Imagine chewing a piece of gum and blowing a bubble. I'm pretty sure we've all done this at some point.
Now imagine that bubble is your fitness.
Because of the porous nature of bubblegum, you have to keep adding a bit of air all the time in order to keep the bubble from deflating - just as you need to keep training in order to keep from losing fitness. As you slowly add breaths (or workouts), your fitness increases just as the bubble gets bigger. However, if you try to blow too much air into the bubble too quickly, you'll pop the bubble and have to start all over! If you overtrain, you run the risk of injury or burnout, both of which will require time off, loss of fitness, and a slow rebuild. You'll get better results from adding small, regular breaths than just trying to blow in big blasts of air at long intervals - consistency over time. Sometimes outside forces come along and burst your bubble, too - an injury, illness, highly stressful life event or even just a big project at work can act like a pin against the bubble you built with all your hard work, or just rob you of the gum you need to blow a big, strong bubble.
As the months and years of consistent training go by, you get to add more gum to make the bubble stronger, so it will hold more air without popping. That's building your base fitness. Then, if you know you have a race or big effort coming, you can let a the bubble deflate a little by adding less air so it becomes more resistant to popping - that's why we taper, reducing the volume of training (or breaths going into the bubble) before a taxing event. Your bubble needs to be solid enough to handle that race effort, over-distance training session or interval workout, or you'll stretch yourself too thin and quickly end up deflated.

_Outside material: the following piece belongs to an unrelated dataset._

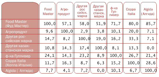 24,1% потребителей, предпочитающих марку "Food Master", употребляют и мороженое фабрики Гулливер. 57,1% предпочитающих "Агропродукт" едят и "Фуд Мастер", и т.д.
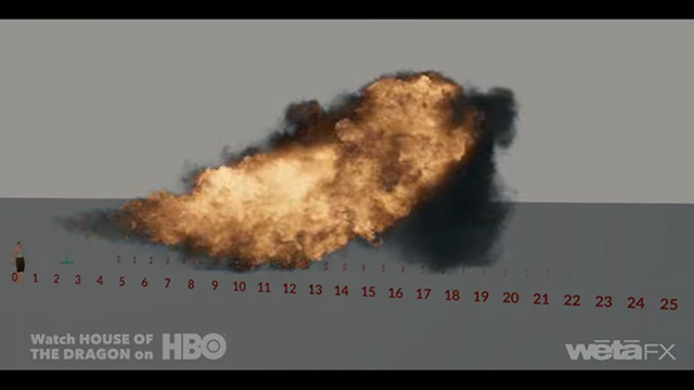 『ハウス・オブ・ザ・ドラゴン』 シーズン2 の エピソード7 で Weta FX が作成した FXシミュレーションを詳しく見てみましょう。ヴァーミサ―の激しいリアクション、ドラゴンモント・ガントリーの実写のファイヤースタントのプレートを融合するために、ドラゴンの炎のシミュレーションを大量に作成しました。さらに、実写の浜辺のシークエンスでは、ドラゴンの重さと存在感を効果的に伝えるために、リアルな砂とのインタラクションが必要であり、これらはすべて、この雄大な獣をウェスタロスの世界に溶け込ませることを目的としています。(youtube より)

So when you're planning your next block of training, make sure to keep those breaths coming - regular workouts and appropriate recovery will see your fitness grow, and if you feel yourself getting close to the bursting point take the time to back off before that bubble pops! If it happens, though, remember you've still got the gum; just start back at it with smaller, regular workouts, and soon you'll have a bubble of which you can be proud!